§ TASK PROMPT
Print exactly what appears from the line containing "黄金首饰戴久了,可能会变得黯" through the final line of the data below, pictures excluded.

§ PROVIDED MATERIAL

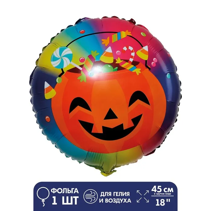 Шар фольгированный 18" «Радостная тыква» — идеальный выбор для создания атмосферы на Хэллоуин или тематическую вечеринку. Этот шар станет центральным элементом декора, подчёркивающим стиль мероприятия. Можно надувать и воздухом и гелием.
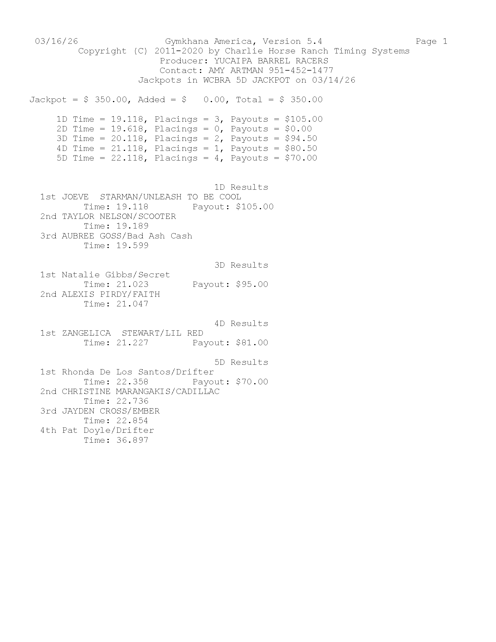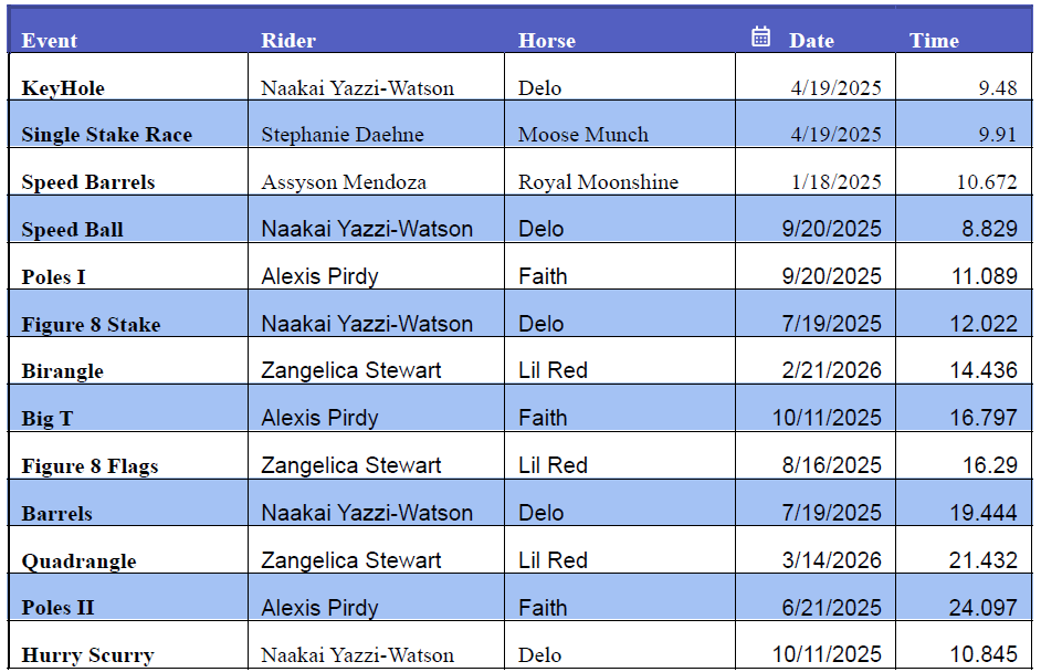 2026 Season Results YBR Jackpot Race 3/14/26 Jan 17 Jackpot Results Feb 21 Jackpot Results Times and Winners List Jan 17th Gymkhana Show Results Feb 21st Gymkhana Show Result Mar 14th Gymkhana Show Result Current PointsAs of3/14/2026 Event Records Times by Rider Times by Event Past Season Show Results 2025
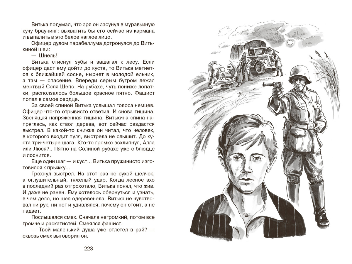 Ребята спали, и снились им разные сны. И никому из них не снилась война. А война началась. Она только что прогудела над ними в чистом утреннем небе. Ребята спали, а где-то на границе уже сражались с фашистами наши бойцы, палили пушки, строчили пулеметы. Самолеты с черными крестами налетели на спящие города, и бомбы с отвратительным визгом летели вниз. Многие в это воскресное утро погибли, так и не поняв, что же такое произошло, не поняв, что началась война суровая и жестокая, перед которой померкли все остальные войны.
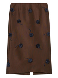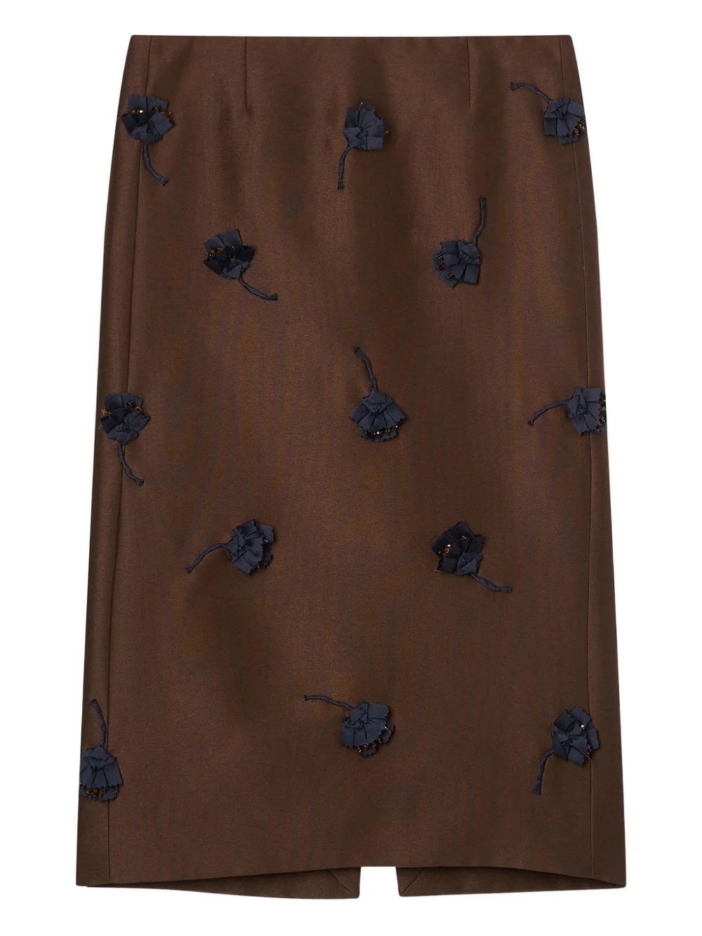 floral applique mid skirt Highlights - Brown - Floral applique - Back zip fastening - Back slit Imported Composition Polyester 100% Washing instructions Read Manufacturer Guidelines
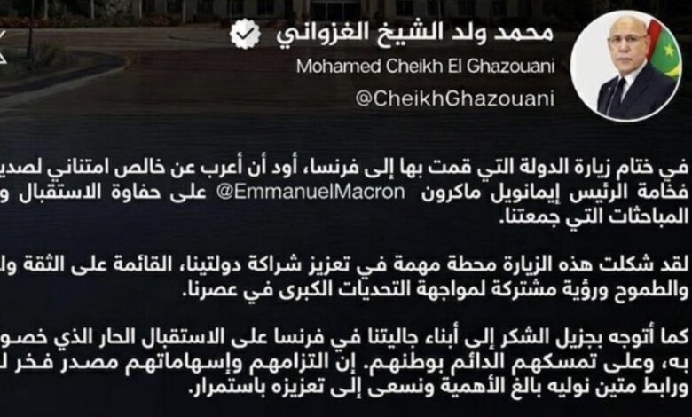 رئيس الجمهورية يعرب عن سعادته بمستوى العلاقات التي تربط موريتانيا بفرنسا
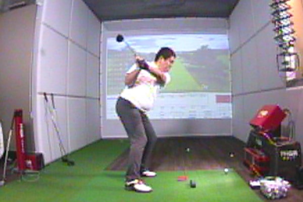 そして、フェースの開き具合もかなりの度合いです。トップ(あるいは切り返し)でフェースが体の正面方向を向いていて、これだけ開けば、フェースをスクエアに戻すのは困難です。また、軸が左に倒れるので、オーバースイングになり、さらにフェースを戻すのを難しくしています。ウィークに握っているので、グリップの時点から、かなりフェースが開いていると考えられます。
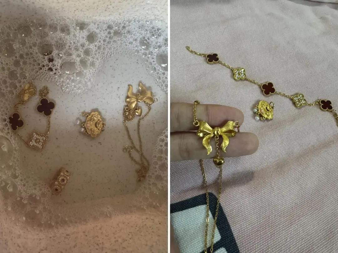 黄金首饰戴久了,可能会变得黯淡无光。这时候,你可以用洗洁精和食盐,倒上开水泡半小时,等水凉后,把金饰拿出来,你会惊喜地发现,金饰又变得光亮如新了。有一次,小刘的金项链看起来灰蒙蒙的,她用这个方法清洗后,金项链瞬间恢复了往日的光彩。
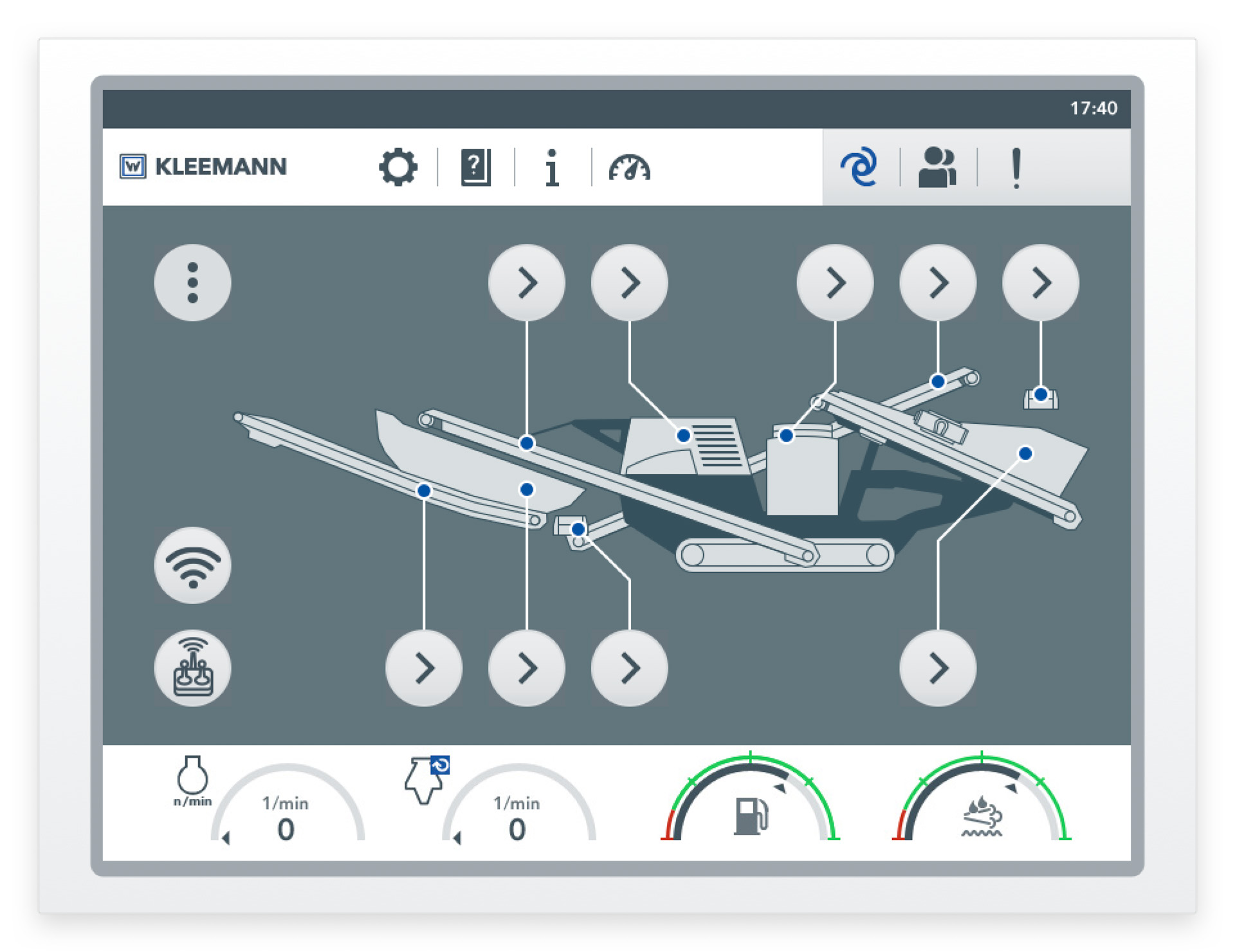 Kleemann ist ein Unternehmen der Wirtgen Group, einem international tätigen Unternehmensverbund der Baumaschinenindustrie und ist Hersteller von mobilen Brechanlagen und Sieben. Die Brechanlagen werden für die Aufbereitung bzw. zerkleinern von großen Gesteinen im Steinbruch oder auf Baustellen eingesetzt. Das Endprodukt wird dann zum Beispiel für die weitere Verarbeitung im Straßenbau verwendet. Abhängig vom Ausgangsmaterial und gewünschten Endprodukt kommen unterschiedliche Brecherarten in unterschiedlichen Konfigurationen zum Einsatz. Die Anlagen werden über ein Touchinterface und Bedientastern an der Maschine und zusätzlichen Funkfernbedienungen gesteuert. Das sich dahinter verbergende Steuerungskonzept heißt SPECTIVE und wurde durch uns stark geprägt.

§ REPLY
 黄金首饰戴久了,可能会变得黯淡无光。这时候,你可以用洗洁精和食盐,倒上开水泡半小时,等水凉后,把金饰拿出来,你会惊喜地发现,金饰又变得光亮如新了。有一次,小刘的金项链看起来灰蒙蒙的,她用这个方法清洗后,金项链瞬间恢复了往日的光彩。
 Kleemann ist ein Unternehmen der Wirtgen Group, einem international tätigen Unternehmensverbund der Baumaschinenindustrie und ist Hersteller von mobilen Brechanlagen und Sieben. Die Brechanlagen werden für die Aufbereitung bzw. zerkleinern von großen Gesteinen im Steinbruch oder auf Baustellen eingesetzt. Das Endprodukt wird dann zum Beispiel für die weitere Verarbeitung im Straßenbau verwendet. Abhängig vom Ausgangsmaterial und gewünschten Endprodukt kommen unterschiedliche Brecherarten in unterschiedlichen Konfigurationen zum Einsatz. Die Anlagen werden über ein Touchinterface und Bedientastern an der Maschine und zusätzlichen Funkfernbedienungen gesteuert. Das sich dahinter verbergende Steuerungskonzept heißt SPECTIVE und wurde durch uns stark geprägt.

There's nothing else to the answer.